Data indicates the data science market is getting flooded with too many “data scientists”. There are dozens to hundreds of applications for positions, and in that sense, competition is very high.

But in another sense, there are many job openings. This disconnect is because while many people call themselves data scientists, not many people are capable of meeting the demands of most jobs in the profession. It requires a lot of difficult-to-come-by training, technical and soft skills, which is not something you can pick up with a few months of courses or a one-year master’s program.

The lack of “Real-World Data Scientists” is one of the reasons we started Omdena. In the following, I share several success stories from Collaborators who completed several Omdena AI Challenges and then secured jobs at various companies.

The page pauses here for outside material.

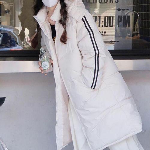 [에이치플러스몰]여자 아이보리 롱패딩 밝은색 잠바 오버핏 롱점퍼

I am sure you´ll be inspired in your journey by reading the magnitude of perspectives and learnings from these amazing changemakers.

Omdena Job Success Stories 

From Junior Machine Learning Engineer to Computer Vision Researcher

Mahzad Khoshlessan

Mahzad Khoshlessan

What a growth journey! 24 months ago Mahzad Khoshlessan started as a Junior Data Scientist and now works as a Research Scientist on 3D Computer Vision & Robot Perception at the Stevens Institute for Artificial Intelligence. 

Mahzad went from joining her first Omdena #AI Challenge to speaking at DeepLearning.AI in front of more than 1000 people, to becoming an AI Product Owner, and now considering entering an entrepreneurship program.

From academia to data analyst, to data scientist 

Rubens Carvalho

Rubens Carvalho

Awesome growth journey by Rubens Carvalho from Brazil (also nice text on the T-Shirt ????):

“’I used to work as a researcher and teacher, but then I decided to start a journey, from physics to data science. I needed some practice. I’ve got this by being part of a multicultural team with different backgrounds, working together to solve real-world problems. That experience was crucial to my career! After that, I got a job as a data analyst for a bank and finally reached my objective: become a data scientist.

Now I work at A3Data, a company that shares the same culture as Omdena, empowering people through data!”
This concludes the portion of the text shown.